= Beginning of Section =

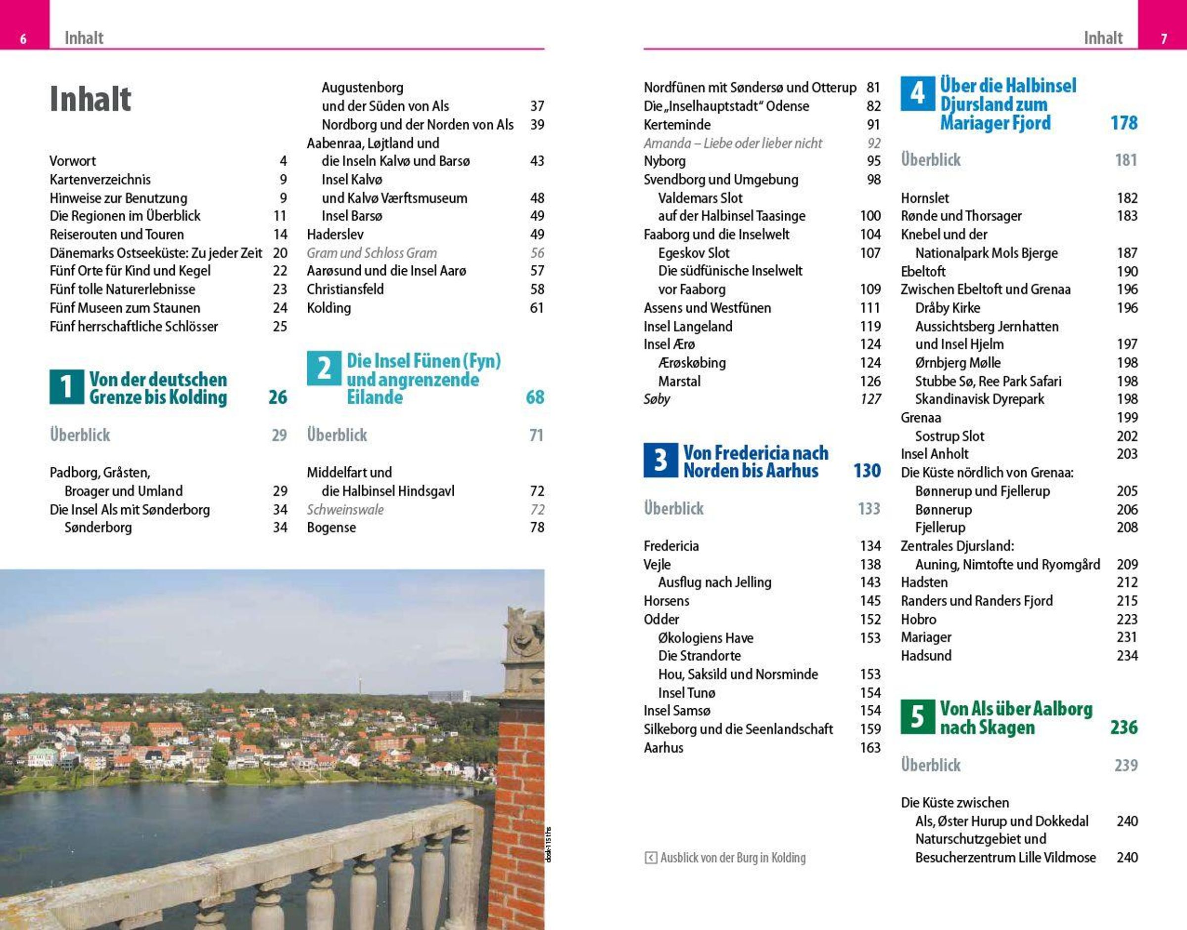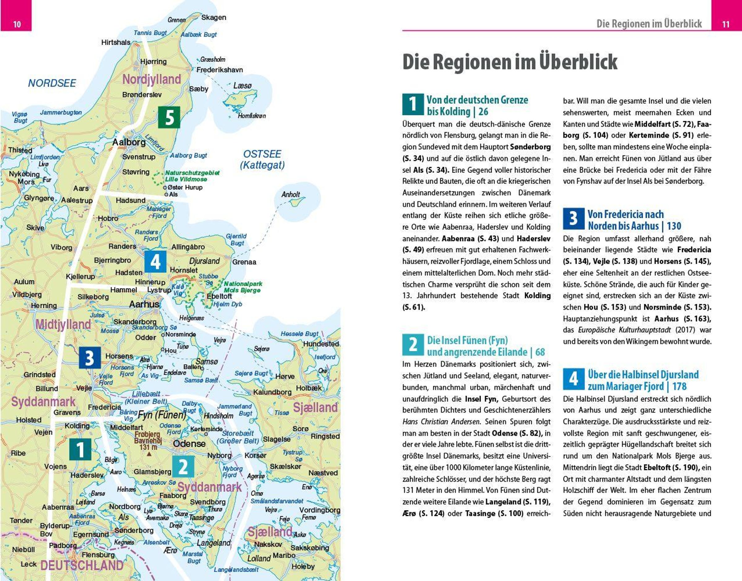 Übersichtsseiten mit Beschreibungen aller Regionen: Von der deutschen Grenze bis Kolding, die Insel Fünen (Fyn) und angrenzende Eilande, von Fredericia nach Norden bis Aarhus, über die Halbinsel Djursland zum Mariager Fjord, von Als über Aalborg nach Skagen
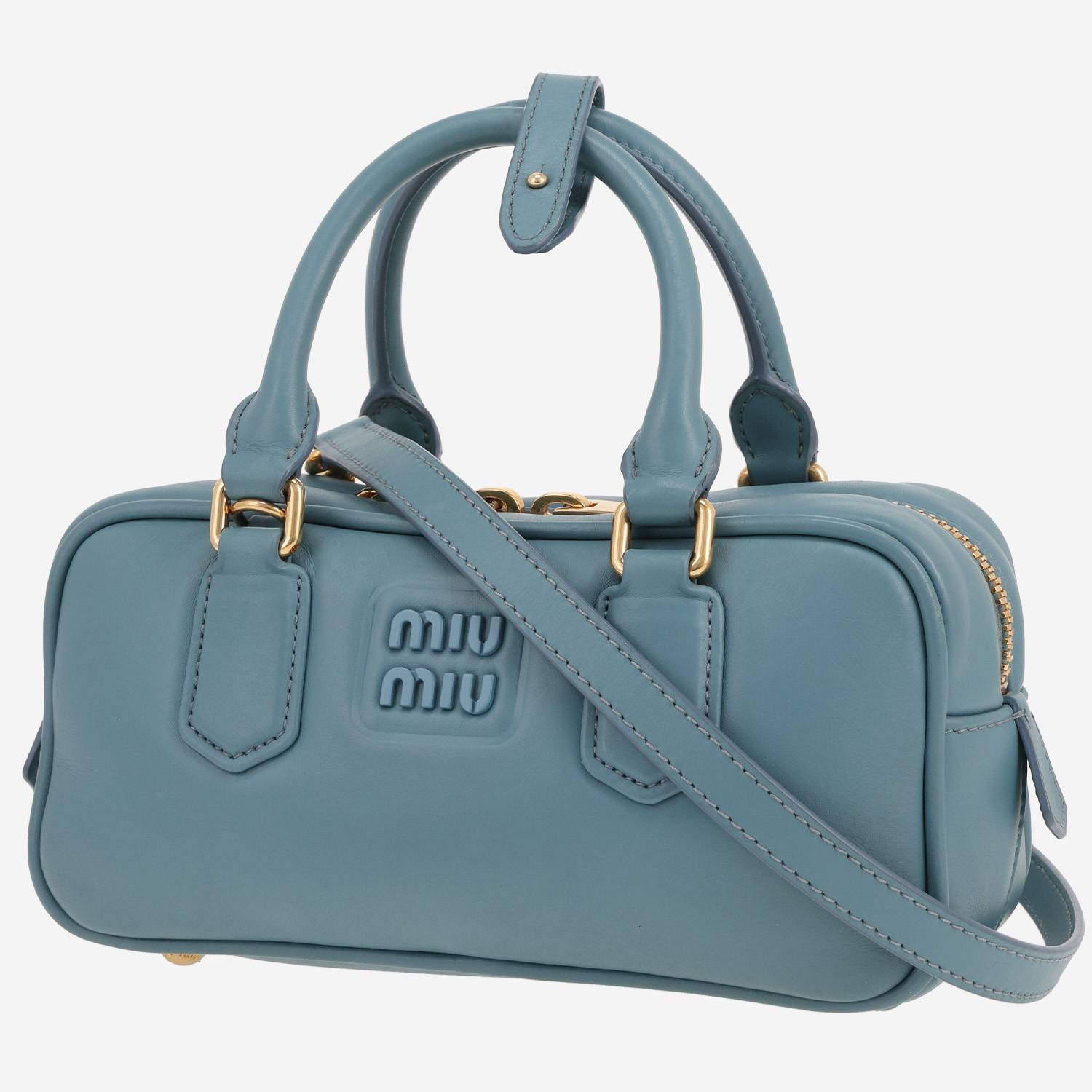 Magnifique sac bandoulière Miu Miu Arcadie en cuir bleu, garniture en métal doré, double poignée en cuir bleu, une anse bandoulière ajustable en cuir bleu permettant un porté main ou épaule ou bandoulière.
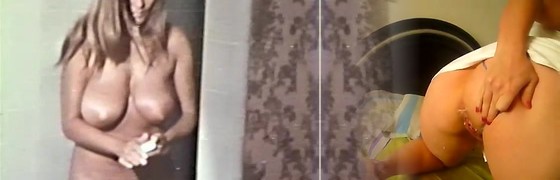 Retro intercourse video with a hot busty girl peeing and taking a bath
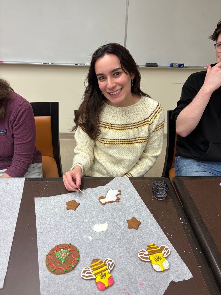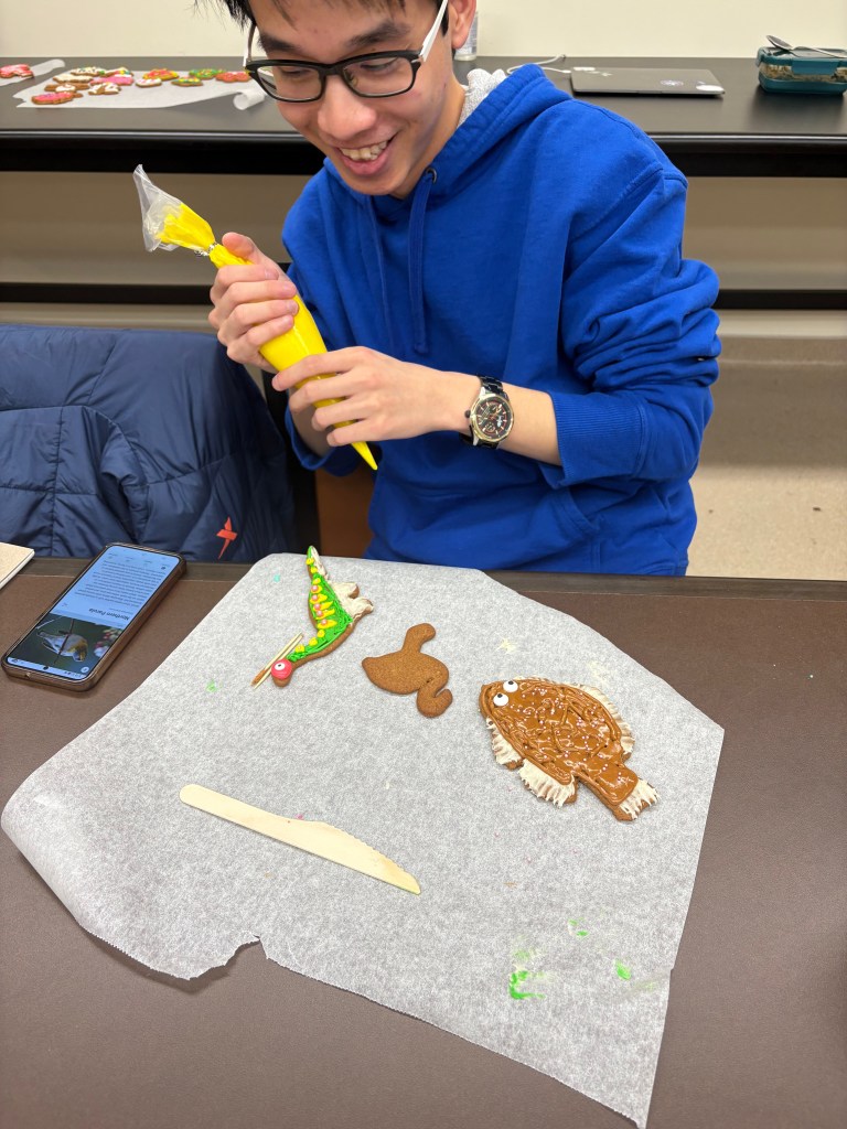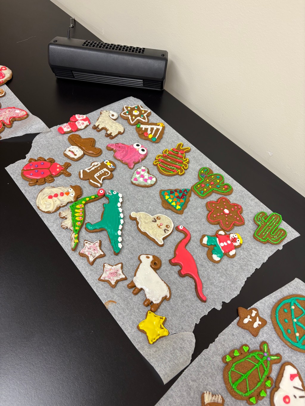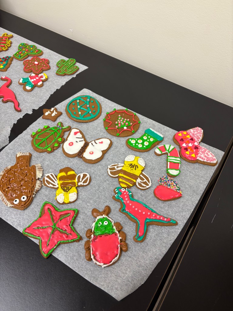 To make the event uniquely us, we designed and 3D-printed custom cookie cutters representing our study species: bighorn sheep, seals, fruit flies, butterflies, mushrooms, trees, and beetles. Using these cutters, we baked batches of gingerbread cookies (recipe available here) and prepared colourful royal icing. Together at the university, we spent an afternoon turning our research species—and a few holiday classics—into edible art.
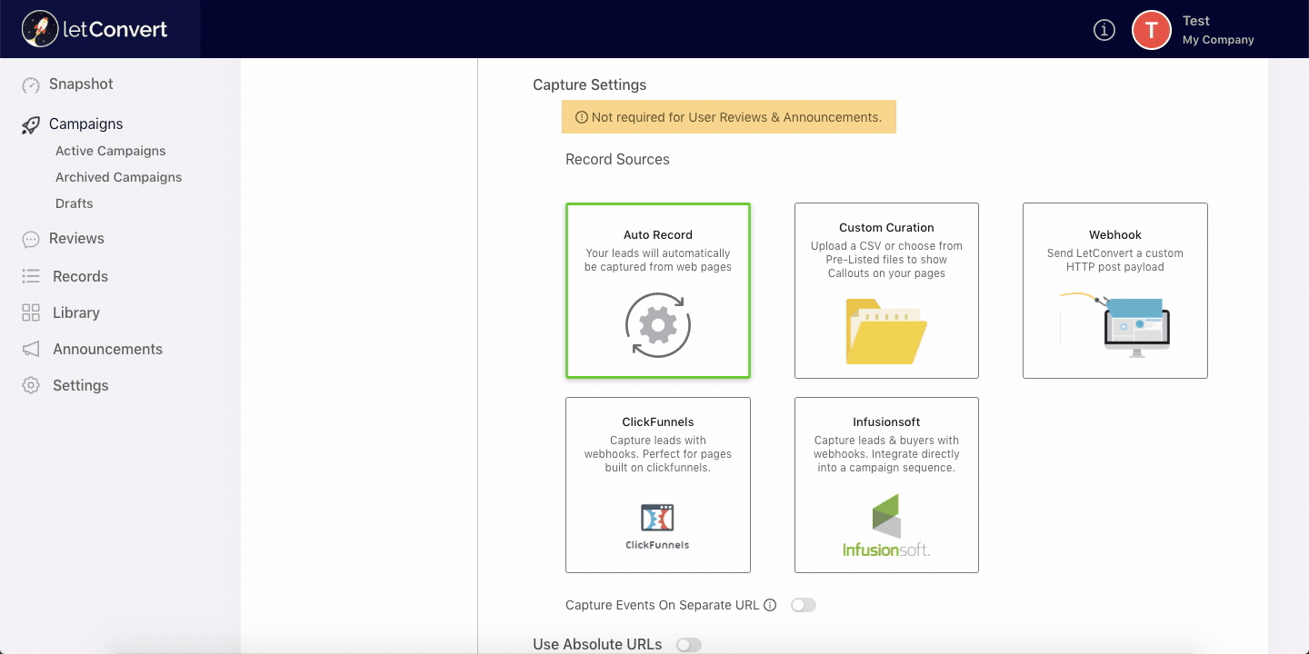 Select the Record Source or enter a URL if you wish to capture events from a separate URL after switching the toggle on.
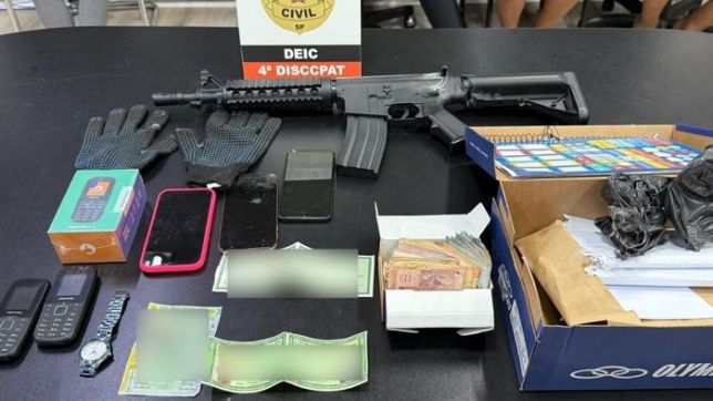 A lista de suspeitos presos inclui um casal, detido em Taboão da Serra, na Grande São Paulo, com R$ 875 em espécie. Com eles, foram encontrados uma réplica de fuzil, celulares, luvas, relógio e anotações de contabilidade de comércio de drogas.
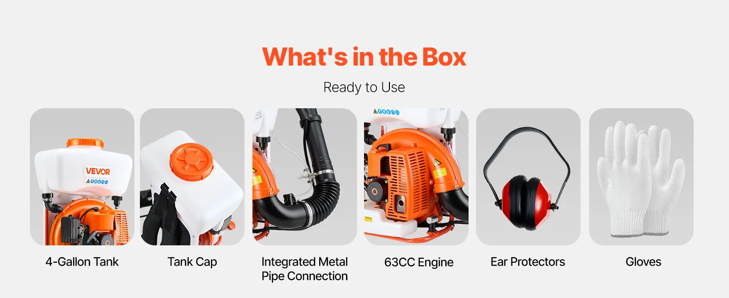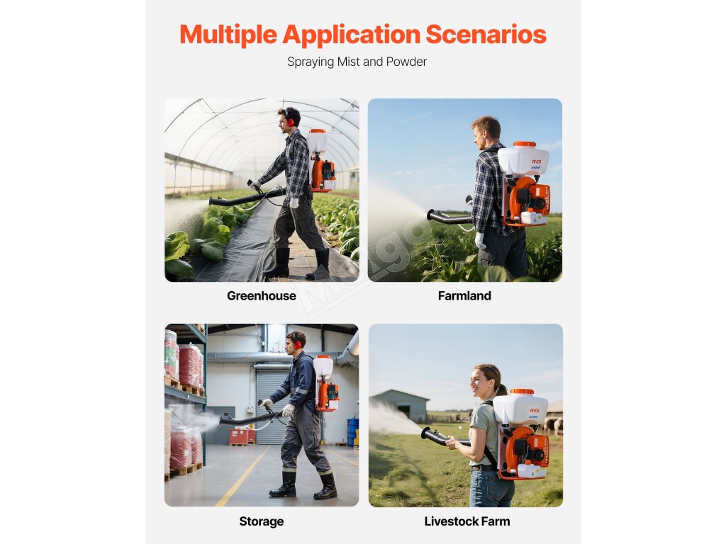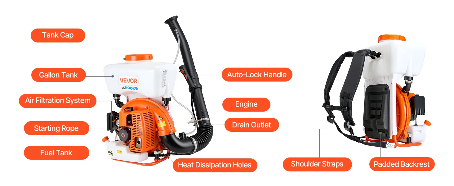 Batohový benzínový hmlovač 63cc 3hp 16l nádrž na kvapaliny a prášok
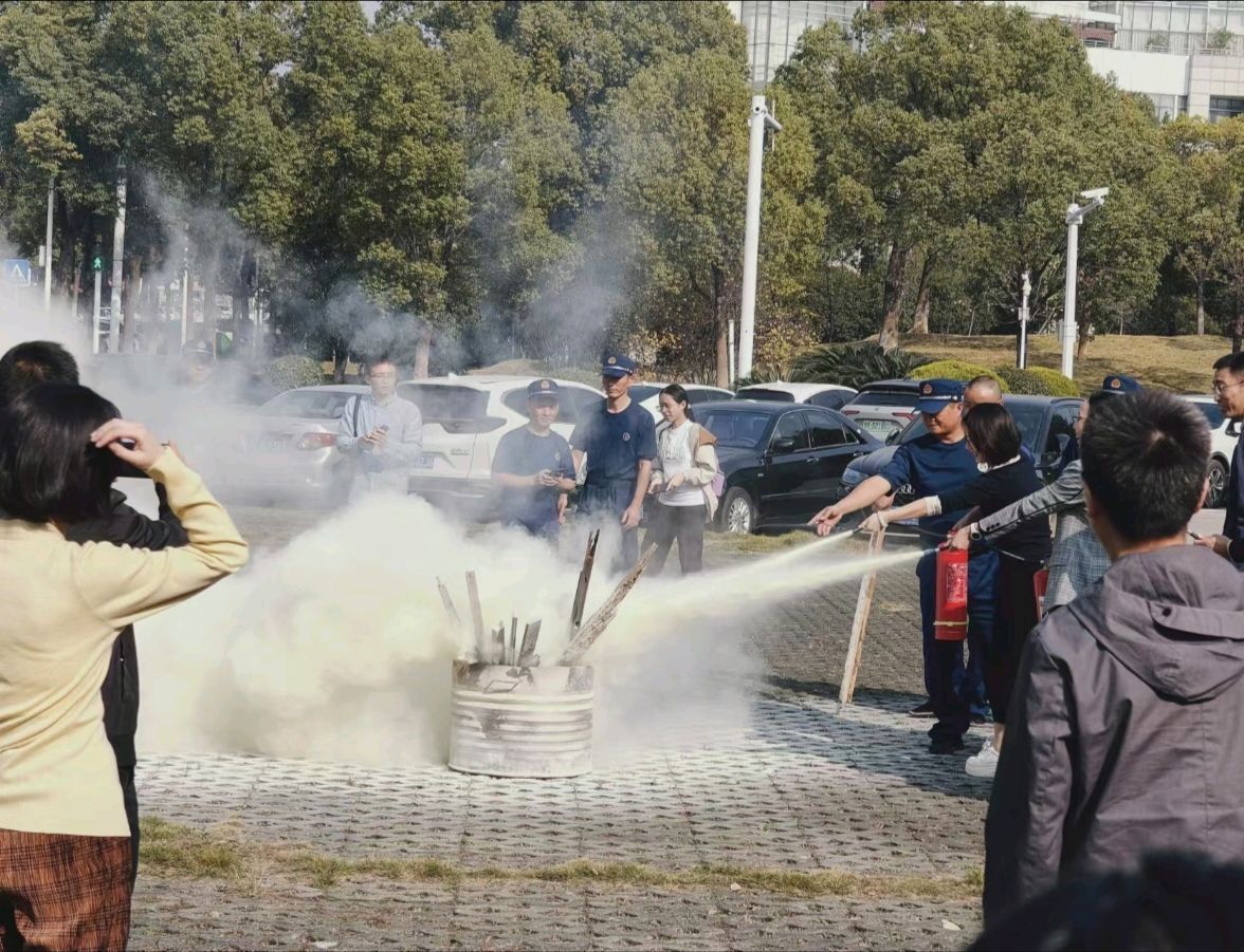 工作人员有序组织同学们于文泉楼的户外场地开展灭火实操培训。消防员率先详细地为同学们讲解了干粉灭火器与二氧化碳灭火器的具体使用方法。讲解完毕后,组织同学们亲身使用灭火器进行灭火实操演练。同学们全神贯注,牢记“提、拔、握、压”这一操作四字秘诀,面对火源时,动作精准流畅,有条不紊地实施灭火操作,成功迅速地控制住火势,并最终扑灭了火焰。通过此次实操培训,同学们不仅切实掌握了灭火器的使用技能,更增强了应对火灾的实际能力与信心。

= End of Section =

→ What to work on:
Only the lines above from the one containing "Select the Record" through the one containing "Batohový benzínový hmlovač" should be returned, verbatim and inclusive, with pictures excluded.

→ Answer for this exercise:
 Select the Record Source or enter a URL if you wish to capture events from a separate URL after switching the toggle on.
 A lista de suspeitos presos inclui um casal, detido em Taboão da Serra, na Grande São Paulo, com R$ 875 em espécie. Com eles, foram encontrados uma réplica de fuzil, celulares, luvas, relógio e anotações de contabilidade de comércio de drogas.
 Batohový benzínový hmlovač 63cc 3hp 16l nádrž na kvapaliny a prášok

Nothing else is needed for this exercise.